> [YOUR INSTRUCTIONS]: Could you print, exactly and without pictures, only the lines from the one with "Metal infused hooded" through the end of the records below?

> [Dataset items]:
================================
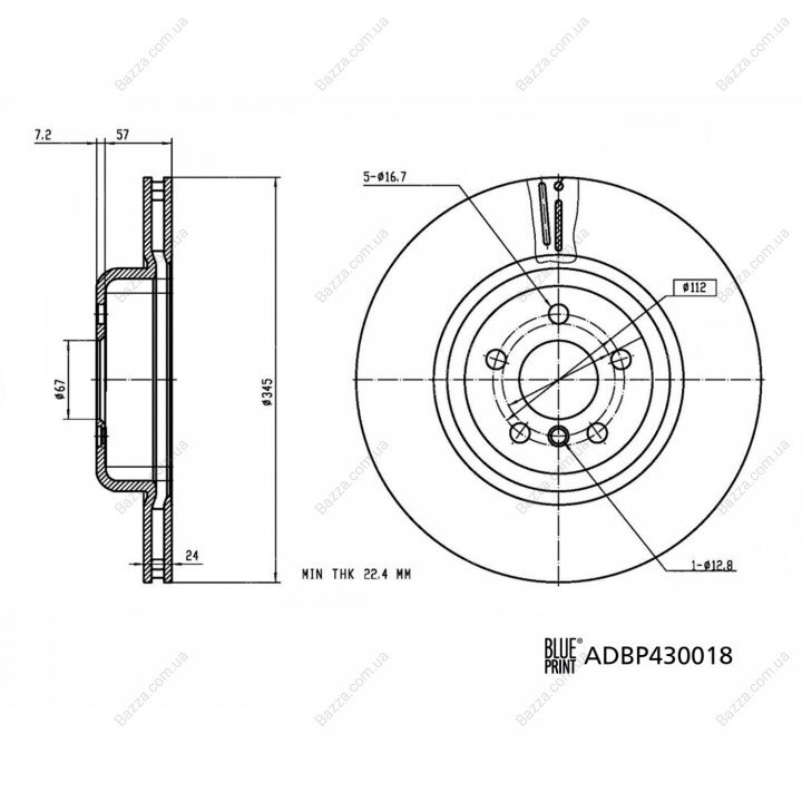 Товщина гальмівного диску (мм): 24
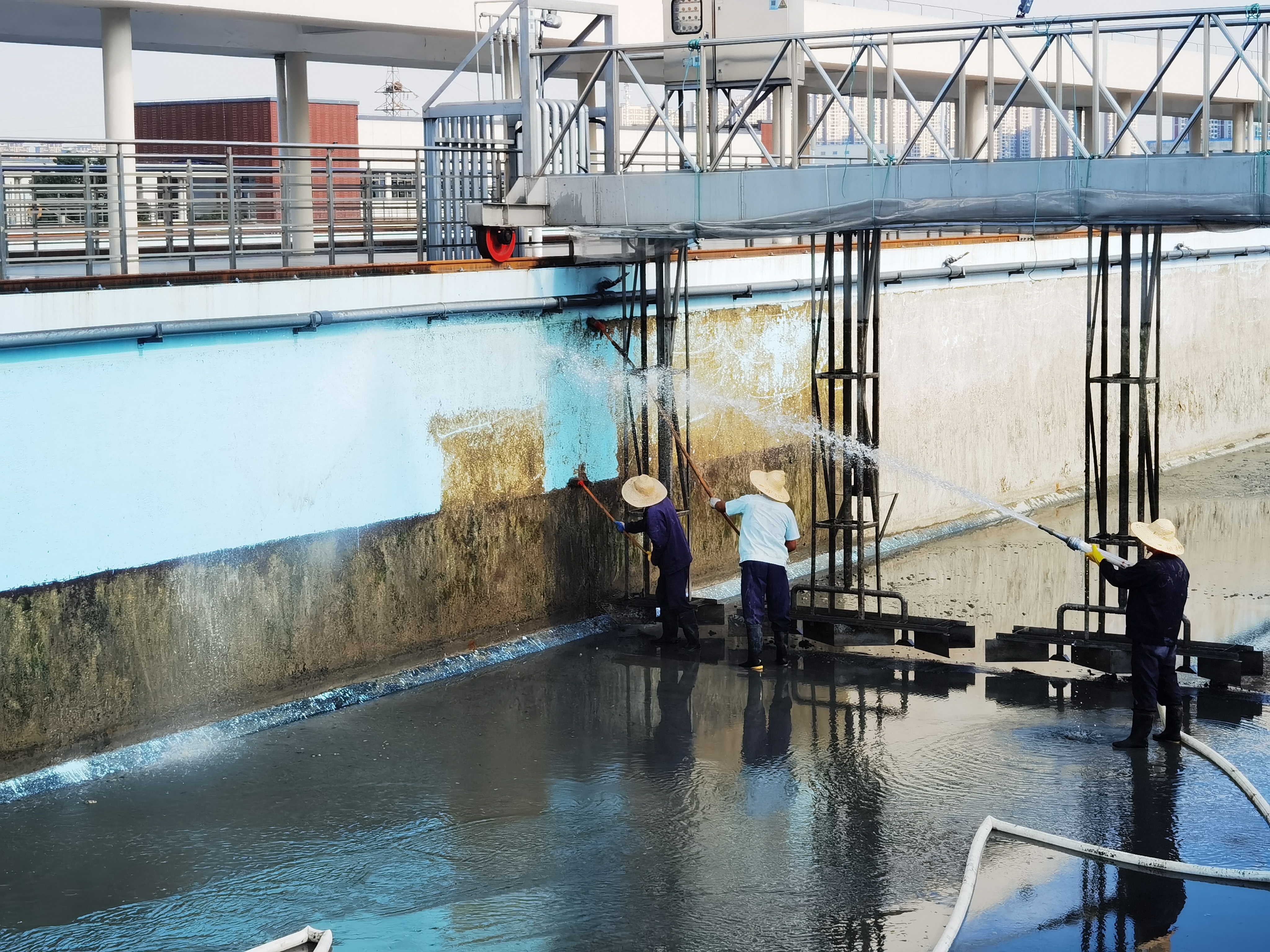 根据年度项目计划安排,白洋湾水厂提前制定了全面的修整清洗方案,与调度中心积极沟通协调清洗时间并调整厂内工艺,并与承包单位反复强调工作要求。从11月9起项目陆续实施,在安全保障措施得力的前提下,作业人员严格按照操作要求进行冲洗和洗刷,水厂技术人员全程跟踪,做好现场监护,确保作业安全,项目已于12月3日顺利完工。过程中水厂运行平稳,供水生产正常。
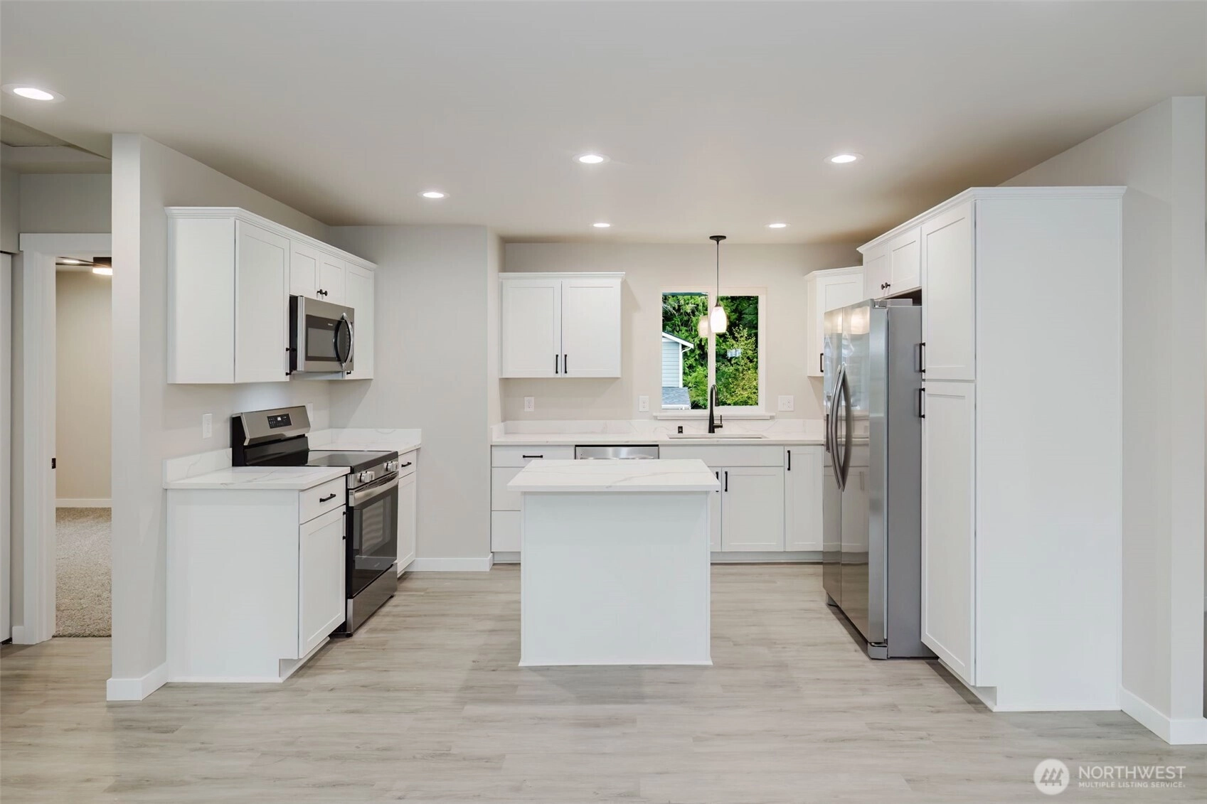 Luxury new construction with standout finishes and move-in-ready appeal. This 3-bedroom, 2.5-bath home features Hardie plank siding, elegant LVP flooring, premium stainless appliances, slab granite counters, and crisp white millwork. The designer kitchen impresses with a subway-tile backsplash and curated details throughout. Stay comfortable year-round with the ductless mini-split heat pump offering efficient heating and coveted A/C. The open-concept layout flows effortlessly and includes a generous bonus room for added flexibility. Fresh hydro-seeded landscaping and a 2-car garage complete this polished, modern home.
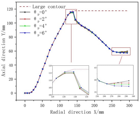 - For small contour forming, increasing the roller fillet radius leads to a larger sinking offset of the transition circle and a larger bottom upper convexity, and increasing the feed ratio leads to a larger bottom upper convexity. A larger transition circle results in a more serious sinking offset of the transition circle and a smaller bottom upper convexity. A larger bottom upper convexity of the large contour leads to a smaller sinking offset of the transition circle, a smaller bottom convexity, and even a flat or negative angle bottom.
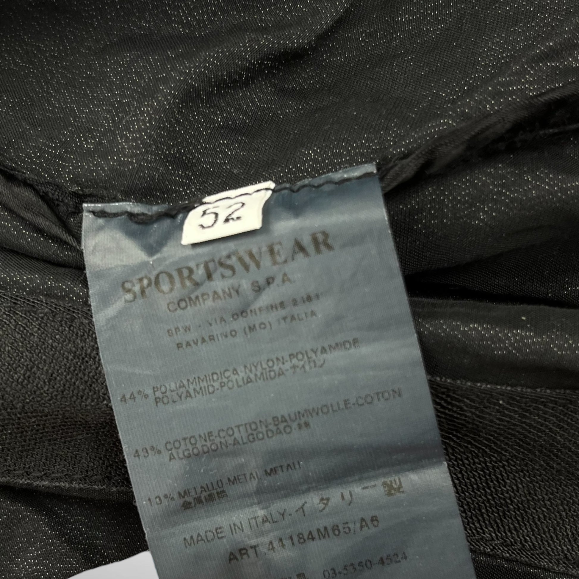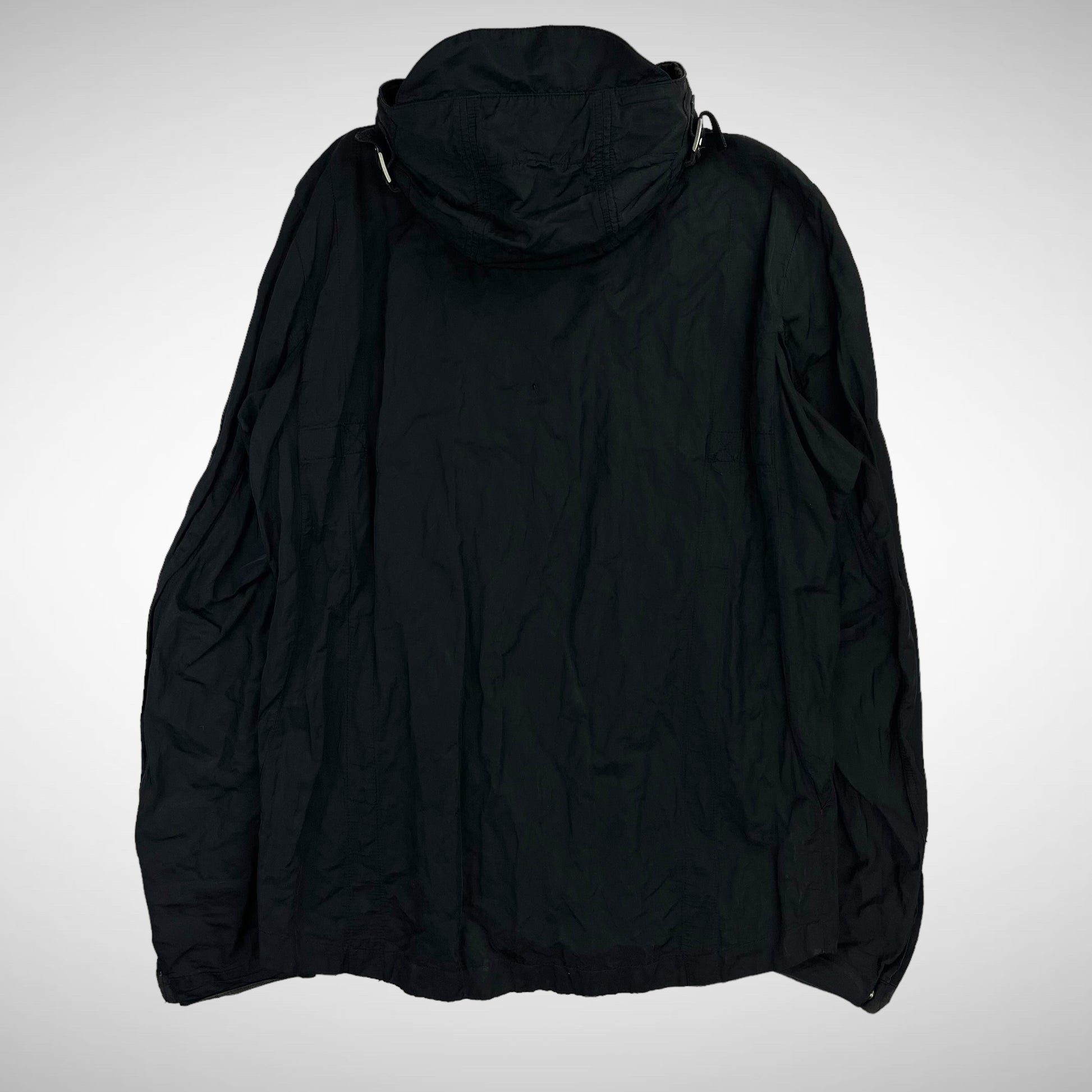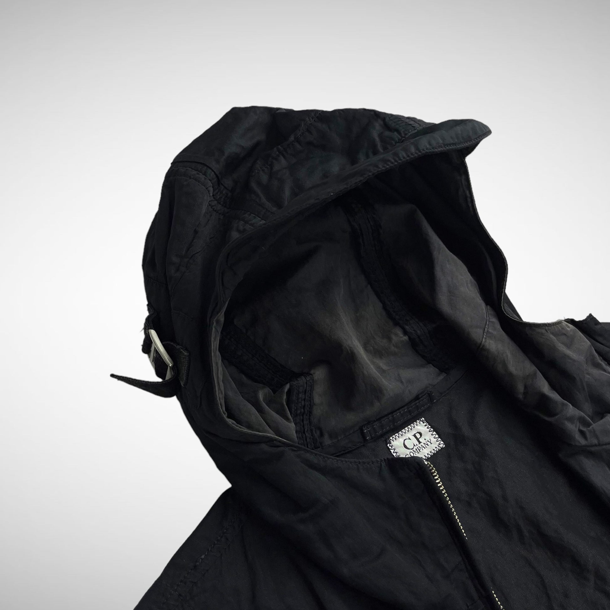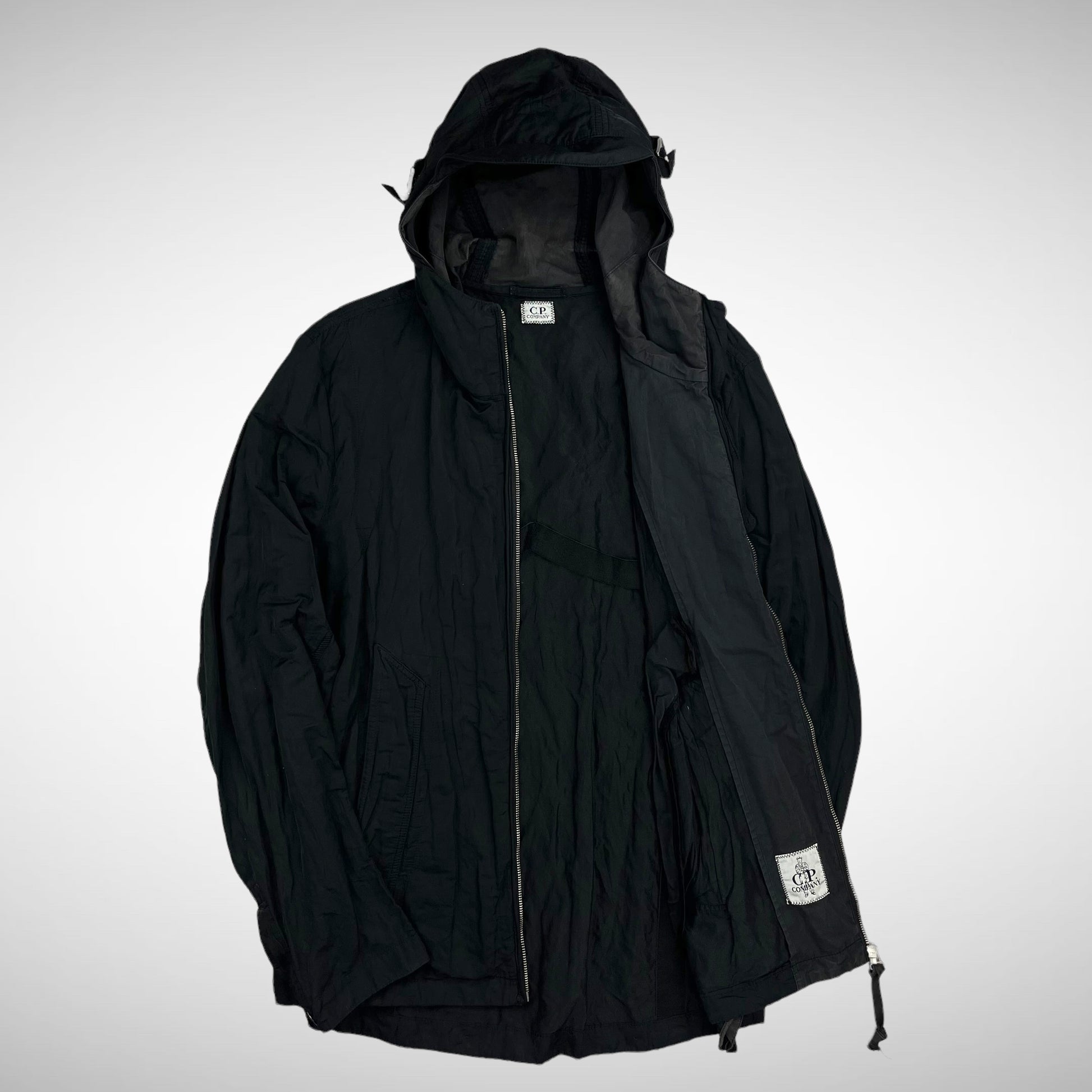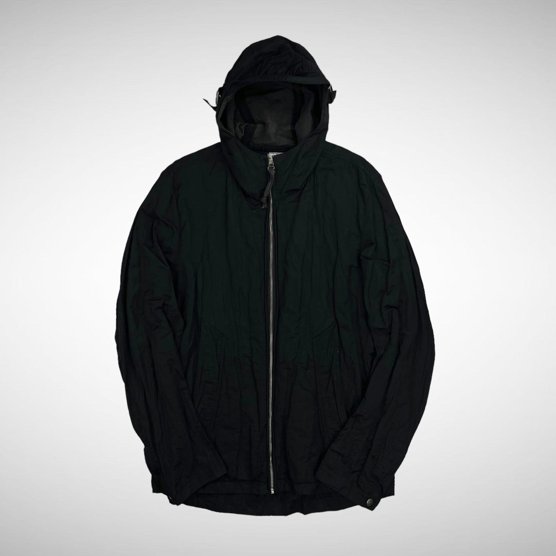 Metal infused hooded jacket with straps to adjust fit, two front pockets, button adjustable sleeves and straight cut.
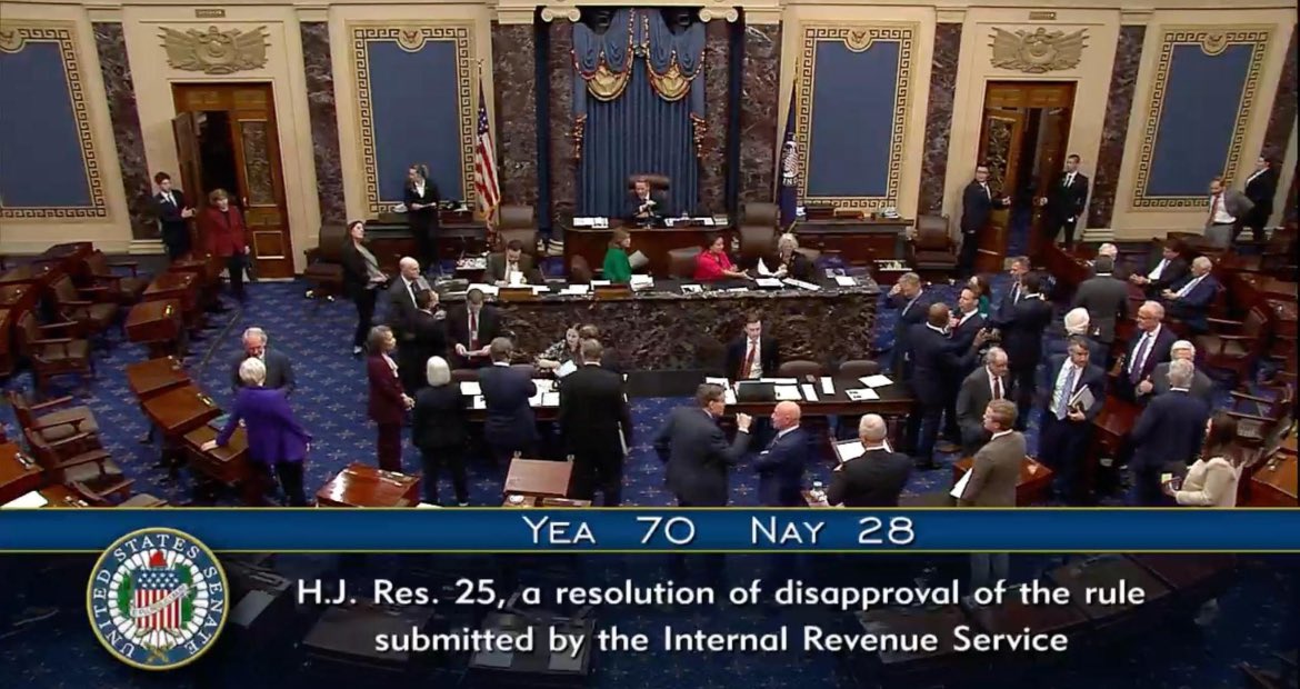 Thượng viện Hoa Kỳ vừa thông qua Đạo luật CRA để vô hiệu hóa quy tắc môi giới DeFi của Cục Thuế IRS lần thứ hai với kết quả cuối cùng 70-28.
================================
> [FINAL ANSWER]:
 Metal infused hooded jacket with straps to adjust fit, two front pockets, button adjustable sleeves and straight cut.
 Thượng viện Hoa Kỳ vừa thông qua Đạo luật CRA để vô hiệu hóa quy tắc môi giới DeFi của Cục Thuế IRS lần thứ hai với kết quả cuối cùng 70-28.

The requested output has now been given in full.